Marx’s three main stages (after the primitive stage of hunting and gathering): 1.Feudalism 2.Capitalism 3.Communism The dynamic explanation of how a society moves from one stage to another is given by the theory of historical materialism. The concepts of class and class conflicts are crucial here.

Marx’s theory of historical materialism: Relations of production change slowly, relative to forces of production. Relations of production become an obstacle to further improvement in the forces of production. Class conflicts sharpen when forces of production stagnate. Class war destroys the old mode and brings a new one into existence.

Rostow’s stages of growth: Traditional Preconditions for take-off Take-off Drive to maturity Age of high mass consumption ‘Take-off’ is the crucial concept – a decisive phase in a society’s history – usually spanning a period of two to three decades.

Characteristics of Take-off: Rise in the rate of saving and investment from about 5% to over 10% of national income. Emergence of one or two leading manufacturing sectors. Emergence of an entrepreneurial class and a suitable socio-political framework capable of exploiting opportunities for sustained technological progress.

Two aspects of the traditional view of development: 1.Linearity of progress: once development begins, there will be no long-term decline. 2.Universalism: all societies will go through the same route of progress. Both aspects have been criticised – the structuralist critique and the post-modernist critique.
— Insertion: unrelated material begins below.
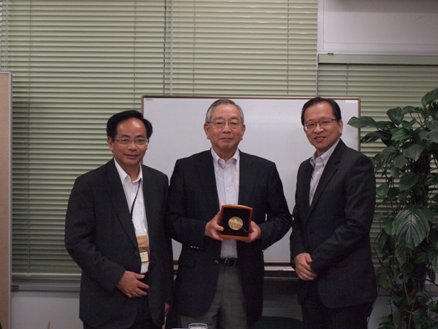 向日本企业支援艺术协议会理事加藤恒夫先生致送纪念品。

The Structuralist critique: It rejects the universalism aspect, but no so much the linearity aspect. It argues that the existing theories of development apply mainly to the western countries. They don’t apply to the poor countries in the Third World because the socio-economic structures of these countries are very different.
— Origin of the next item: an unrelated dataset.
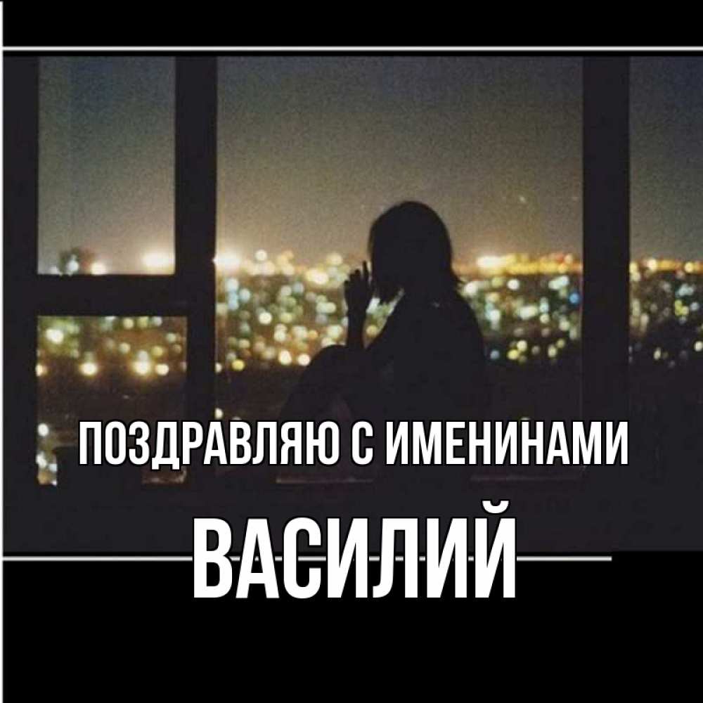 Открытка Поздравляю с именинами Василий. скучно сидеть одной. у окна

Three Strands of Structuralist critique: Dualism: Boeke, Lewis. Centre-Periphery Relationship: Prebisch, Singer, Economic Commission for Latin America (ECLA). The Dependency School: Frank, Wallerstein, Amin, Sunkel, Cardoso and others.

The Post-Modernist Critique: It rejects both linearity and universalism. The target of criticism is the conventional view that all traditional societies will become ‘modern’ like the western societies. This is called the modernisation theory. Economists, sociologists, political scientists – all contributed to the spread of this theory.

The whole post-war development agenda can be seen as an attempt to implement the modernisation theory in the Third World. The post-modernist critique rejects this theory on the grounds that traditional values and knowledge are not necessarily inferior to the so- called modern values and knowledge. This criticism has come mainly from social anthropologists.